• _WHAT NEEDS TO BE DONE_
Only one stretch of the data is wanted: the line containing "国家自然科学基金会委员会第十三届生命科学部专家评审组成员,任期两年。", the line containing "A beloved classic, elevated.", and every line between them, copied exactly.

• _EXERCISE DATA_
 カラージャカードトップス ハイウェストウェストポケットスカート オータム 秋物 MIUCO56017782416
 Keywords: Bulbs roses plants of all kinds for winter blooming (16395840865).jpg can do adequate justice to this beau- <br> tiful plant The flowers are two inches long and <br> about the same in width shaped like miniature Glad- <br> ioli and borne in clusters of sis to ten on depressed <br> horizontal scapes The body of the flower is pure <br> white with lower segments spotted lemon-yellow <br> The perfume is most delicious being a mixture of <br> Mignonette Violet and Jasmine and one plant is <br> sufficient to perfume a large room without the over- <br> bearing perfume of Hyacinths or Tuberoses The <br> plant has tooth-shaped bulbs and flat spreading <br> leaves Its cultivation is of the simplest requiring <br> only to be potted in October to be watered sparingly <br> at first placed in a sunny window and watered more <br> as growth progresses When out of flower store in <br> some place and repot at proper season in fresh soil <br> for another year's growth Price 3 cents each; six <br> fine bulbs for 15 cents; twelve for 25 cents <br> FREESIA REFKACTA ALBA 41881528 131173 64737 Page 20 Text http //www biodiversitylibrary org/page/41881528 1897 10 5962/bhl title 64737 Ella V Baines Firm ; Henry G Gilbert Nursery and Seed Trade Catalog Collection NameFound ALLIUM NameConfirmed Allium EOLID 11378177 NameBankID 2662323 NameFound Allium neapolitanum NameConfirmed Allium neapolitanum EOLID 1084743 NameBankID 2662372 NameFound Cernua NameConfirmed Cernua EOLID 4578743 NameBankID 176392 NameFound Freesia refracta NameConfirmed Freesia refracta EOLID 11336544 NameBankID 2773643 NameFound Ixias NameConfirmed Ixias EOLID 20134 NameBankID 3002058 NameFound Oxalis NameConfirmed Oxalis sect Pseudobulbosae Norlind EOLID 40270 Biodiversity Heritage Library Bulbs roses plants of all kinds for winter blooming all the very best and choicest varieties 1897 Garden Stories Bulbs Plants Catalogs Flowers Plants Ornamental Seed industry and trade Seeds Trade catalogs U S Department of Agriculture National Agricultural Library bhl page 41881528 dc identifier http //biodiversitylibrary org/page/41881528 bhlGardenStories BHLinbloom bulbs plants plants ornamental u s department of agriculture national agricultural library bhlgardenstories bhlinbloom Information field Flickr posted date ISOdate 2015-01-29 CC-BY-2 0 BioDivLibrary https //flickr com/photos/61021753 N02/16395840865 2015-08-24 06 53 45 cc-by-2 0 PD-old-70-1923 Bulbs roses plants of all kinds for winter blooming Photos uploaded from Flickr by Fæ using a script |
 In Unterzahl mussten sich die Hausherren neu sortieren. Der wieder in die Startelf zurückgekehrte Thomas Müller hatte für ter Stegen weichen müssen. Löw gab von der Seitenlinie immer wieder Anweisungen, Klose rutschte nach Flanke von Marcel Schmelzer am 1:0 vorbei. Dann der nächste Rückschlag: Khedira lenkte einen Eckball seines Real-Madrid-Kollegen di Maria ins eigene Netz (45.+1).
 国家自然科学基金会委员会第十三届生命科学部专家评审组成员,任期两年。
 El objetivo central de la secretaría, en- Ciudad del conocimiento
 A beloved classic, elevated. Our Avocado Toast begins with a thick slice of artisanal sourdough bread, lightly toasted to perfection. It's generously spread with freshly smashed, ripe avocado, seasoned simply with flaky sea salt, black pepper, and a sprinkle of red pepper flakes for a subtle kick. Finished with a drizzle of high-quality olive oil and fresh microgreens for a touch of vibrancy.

--

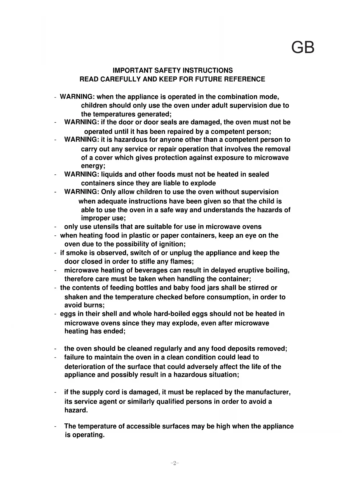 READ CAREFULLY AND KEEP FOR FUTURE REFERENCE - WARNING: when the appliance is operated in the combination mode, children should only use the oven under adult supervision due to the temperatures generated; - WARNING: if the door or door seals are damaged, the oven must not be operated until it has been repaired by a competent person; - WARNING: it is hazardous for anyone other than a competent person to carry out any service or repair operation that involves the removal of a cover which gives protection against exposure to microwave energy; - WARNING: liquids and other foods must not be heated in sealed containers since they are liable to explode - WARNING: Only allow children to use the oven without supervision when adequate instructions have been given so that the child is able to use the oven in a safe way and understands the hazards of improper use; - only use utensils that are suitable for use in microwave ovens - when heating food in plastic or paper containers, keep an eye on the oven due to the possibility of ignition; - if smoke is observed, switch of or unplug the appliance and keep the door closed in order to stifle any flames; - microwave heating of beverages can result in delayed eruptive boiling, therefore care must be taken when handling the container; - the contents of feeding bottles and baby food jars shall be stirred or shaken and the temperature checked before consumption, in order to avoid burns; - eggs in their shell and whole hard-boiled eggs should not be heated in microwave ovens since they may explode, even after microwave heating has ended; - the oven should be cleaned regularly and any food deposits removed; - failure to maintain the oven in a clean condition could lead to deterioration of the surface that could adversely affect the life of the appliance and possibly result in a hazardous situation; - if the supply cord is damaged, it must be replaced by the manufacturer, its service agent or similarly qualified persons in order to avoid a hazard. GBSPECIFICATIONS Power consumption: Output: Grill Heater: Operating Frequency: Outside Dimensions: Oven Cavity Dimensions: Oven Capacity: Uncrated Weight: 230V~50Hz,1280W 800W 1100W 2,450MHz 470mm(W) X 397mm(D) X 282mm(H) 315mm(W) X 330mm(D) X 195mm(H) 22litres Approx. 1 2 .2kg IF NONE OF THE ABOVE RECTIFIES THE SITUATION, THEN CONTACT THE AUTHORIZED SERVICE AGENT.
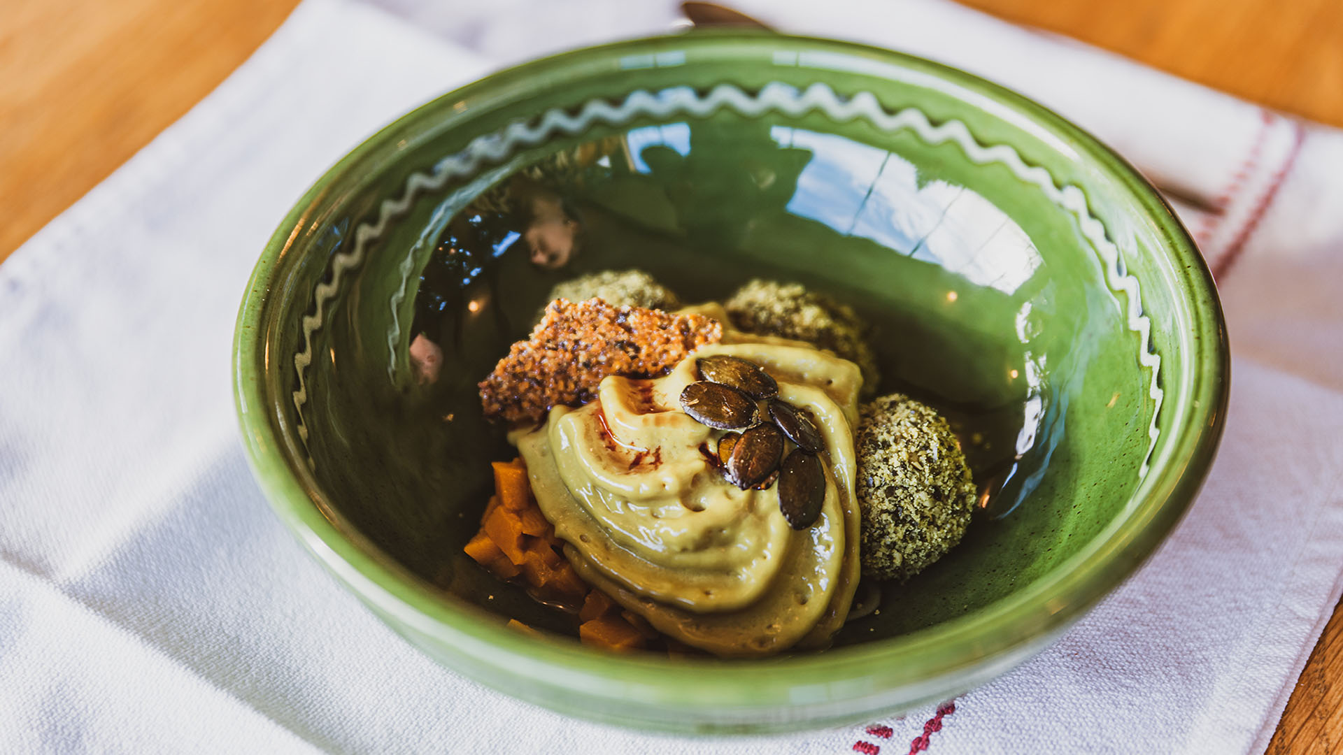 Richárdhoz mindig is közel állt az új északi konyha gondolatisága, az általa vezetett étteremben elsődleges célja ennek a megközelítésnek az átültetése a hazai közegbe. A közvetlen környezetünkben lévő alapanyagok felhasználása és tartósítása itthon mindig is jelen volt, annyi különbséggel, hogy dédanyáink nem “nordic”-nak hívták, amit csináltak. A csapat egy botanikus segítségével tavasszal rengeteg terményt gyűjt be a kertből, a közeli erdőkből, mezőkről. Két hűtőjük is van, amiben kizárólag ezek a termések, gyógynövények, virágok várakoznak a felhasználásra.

* * *

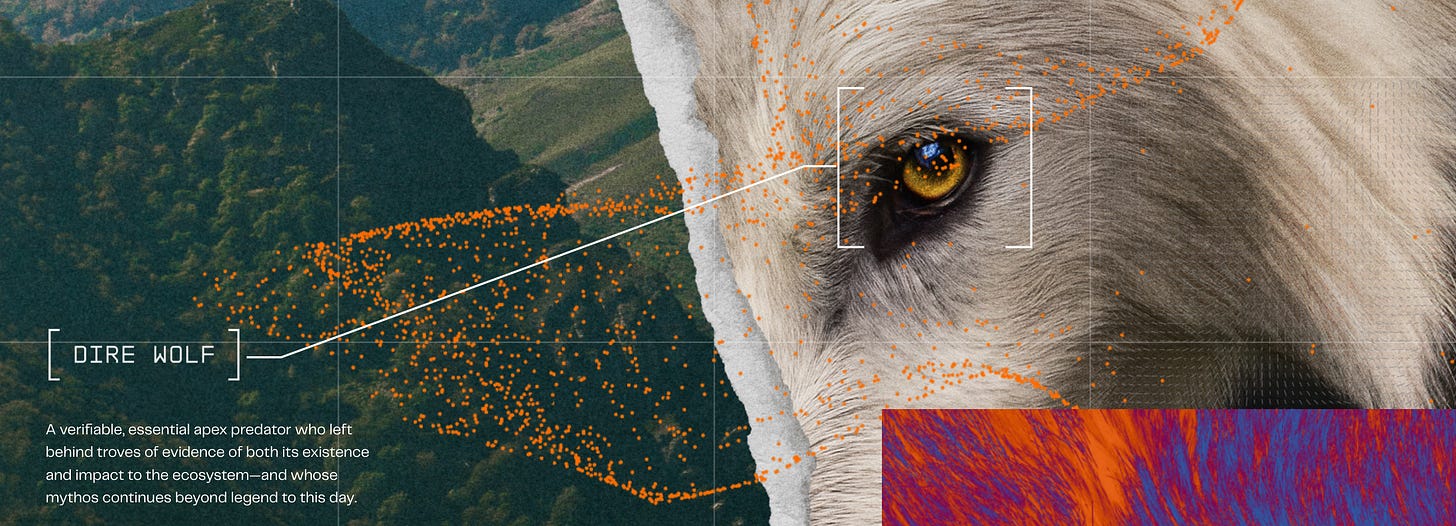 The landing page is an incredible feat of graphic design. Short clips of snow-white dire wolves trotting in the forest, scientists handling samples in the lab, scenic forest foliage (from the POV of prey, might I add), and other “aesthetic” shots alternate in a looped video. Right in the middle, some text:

• _OUTPUT FOR THIS EXERCISE_
 国家自然科学基金会委员会第十三届生命科学部专家评审组成员,任期两年。
 El objetivo central de la secretaría, en- Ciudad del conocimiento
 A beloved classic, elevated. Our Avocado Toast begins with a thick slice of artisanal sourdough bread, lightly toasted to perfection. It's generously spread with freshly smashed, ripe avocado, seasoned simply with flaky sea salt, black pepper, and a sprinkle of red pepper flakes for a subtle kick. Finished with a drizzle of high-quality olive oil and fresh microgreens for a touch of vibrancy.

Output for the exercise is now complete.